WHAT YOU NEED TO DO:
Please reproduce the listing verbatim, without its images.

STORED DATA:
______________________________

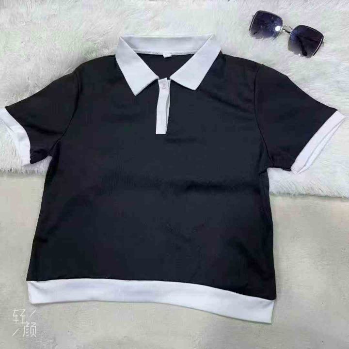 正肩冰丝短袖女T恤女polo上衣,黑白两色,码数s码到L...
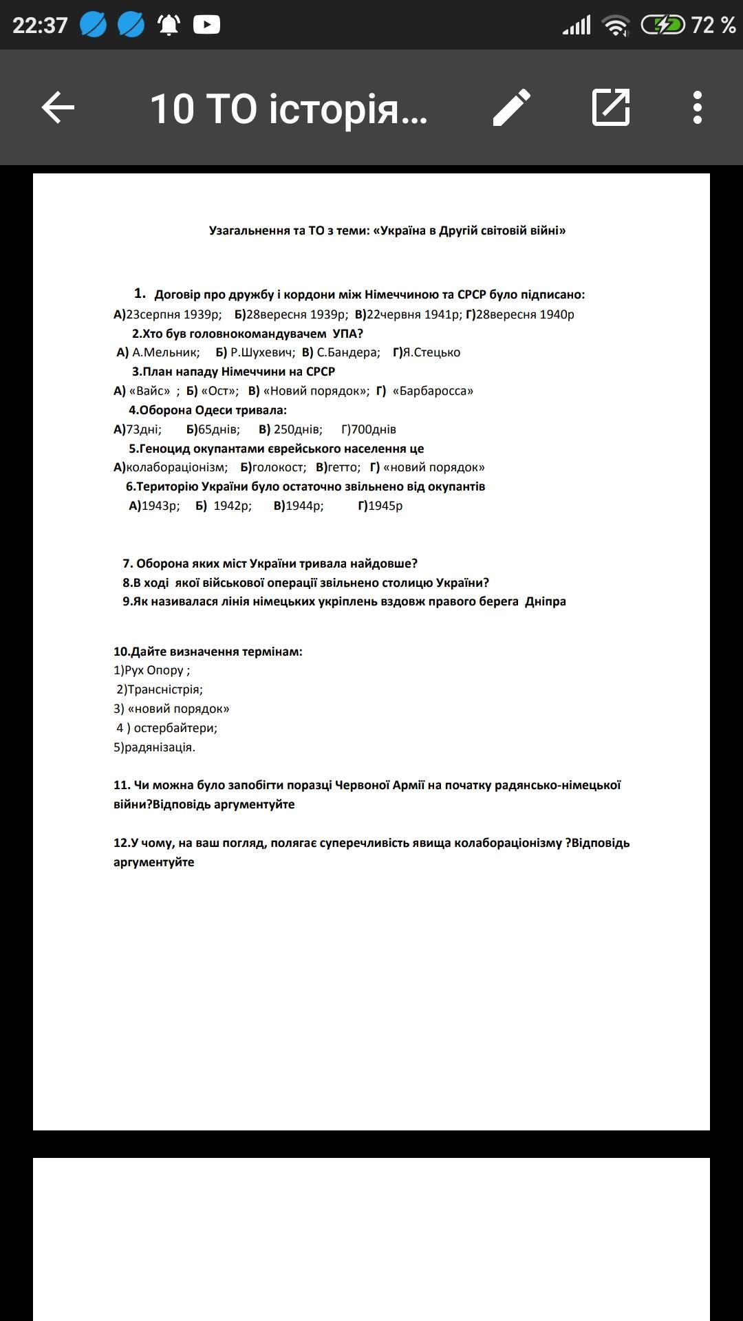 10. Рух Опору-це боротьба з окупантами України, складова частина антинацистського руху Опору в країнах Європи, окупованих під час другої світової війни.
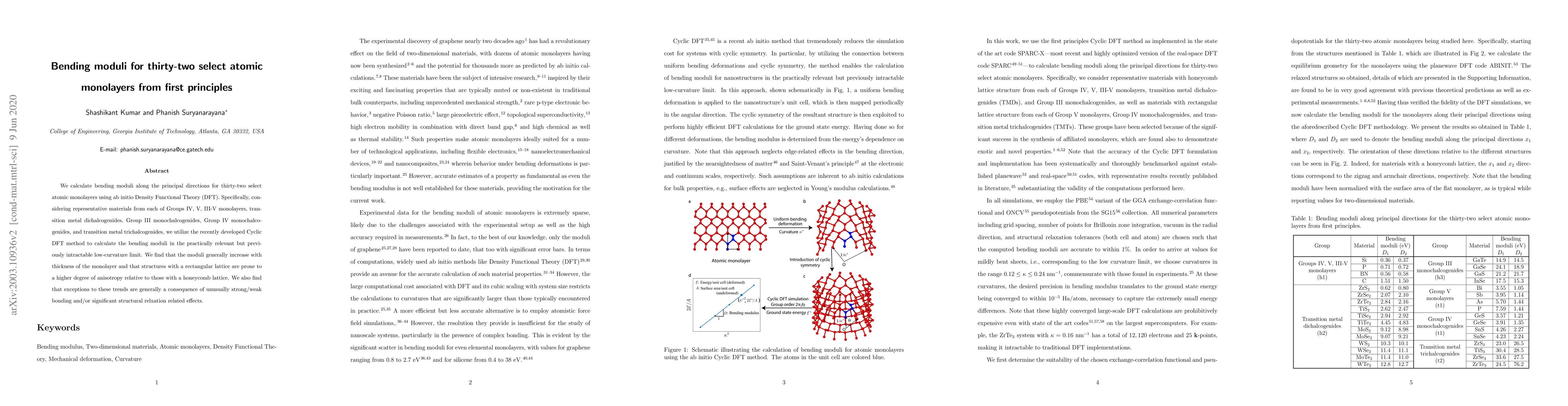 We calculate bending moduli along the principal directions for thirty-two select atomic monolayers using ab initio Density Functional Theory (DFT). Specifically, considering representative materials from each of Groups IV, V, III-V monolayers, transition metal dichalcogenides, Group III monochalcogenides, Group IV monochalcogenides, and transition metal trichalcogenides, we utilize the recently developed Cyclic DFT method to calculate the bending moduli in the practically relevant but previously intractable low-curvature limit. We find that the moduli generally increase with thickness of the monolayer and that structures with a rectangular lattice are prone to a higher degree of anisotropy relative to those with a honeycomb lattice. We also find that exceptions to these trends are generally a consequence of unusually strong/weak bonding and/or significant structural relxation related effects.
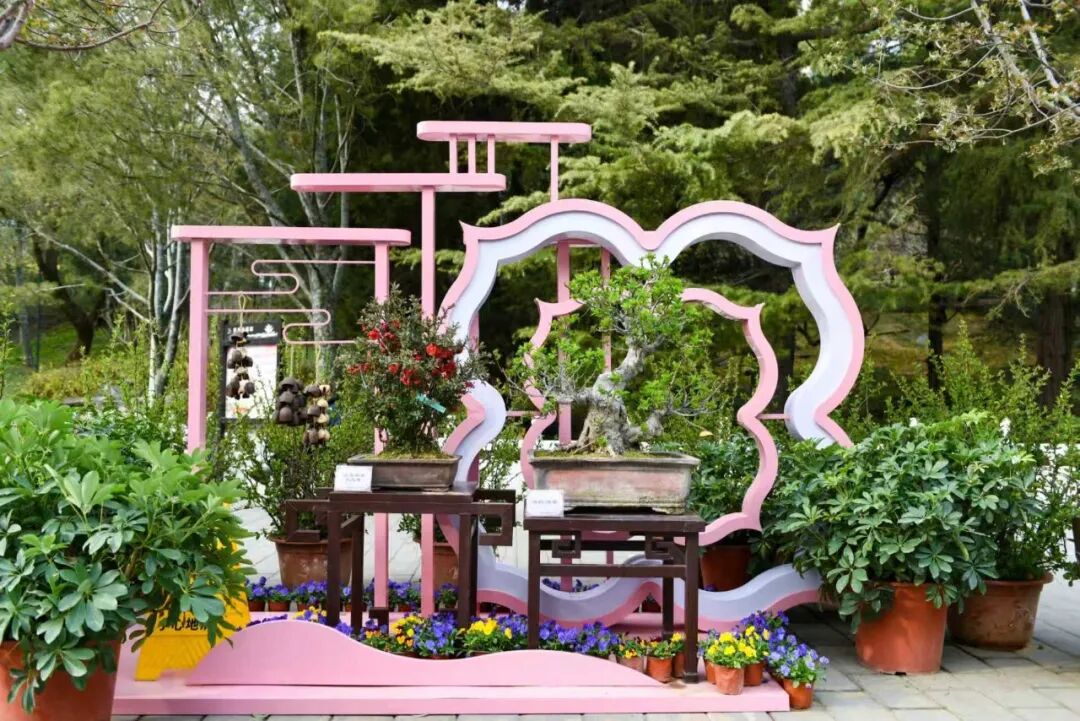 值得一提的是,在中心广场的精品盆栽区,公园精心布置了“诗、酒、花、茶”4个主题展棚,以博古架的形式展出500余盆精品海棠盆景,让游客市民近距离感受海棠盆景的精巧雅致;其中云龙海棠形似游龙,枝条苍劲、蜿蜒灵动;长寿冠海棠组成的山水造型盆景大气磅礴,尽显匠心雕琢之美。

______________________________

EXERCISE OUTPUT:
 正肩冰丝短袖女T恤女polo上衣,黑白两色,码数s码到L...
 10. Рух Опору-це боротьба з окупантами України, складова частина антинацистського руху Опору в країнах Європи, окупованих під час другої світової війни.
 We calculate bending moduli along the principal directions for thirty-two select atomic monolayers using ab initio Density Functional Theory (DFT). Specifically, considering representative materials from each of Groups IV, V, III-V monolayers, transition metal dichalcogenides, Group III monochalcogenides, Group IV monochalcogenides, and transition metal trichalcogenides, we utilize the recently developed Cyclic DFT method to calculate the bending moduli in the practically relevant but previously intractable low-curvature limit. We find that the moduli generally increase with thickness of the monolayer and that structures with a rectangular lattice are prone to a higher degree of anisotropy relative to those with a honeycomb lattice. We also find that exceptions to these trends are generally a consequence of unusually strong/weak bonding and/or significant structural relxation related effects.
 值得一提的是,在中心广场的精品盆栽区,公园精心布置了“诗、酒、花、茶”4个主题展棚,以博古架的形式展出500余盆精品海棠盆景,让游客市民近距离感受海棠盆景的精巧雅致;其中云龙海棠形似游龙,枝条苍劲、蜿蜒灵动;长寿冠海棠组成的山水造型盆景大气磅礴,尽显匠心雕琢之美。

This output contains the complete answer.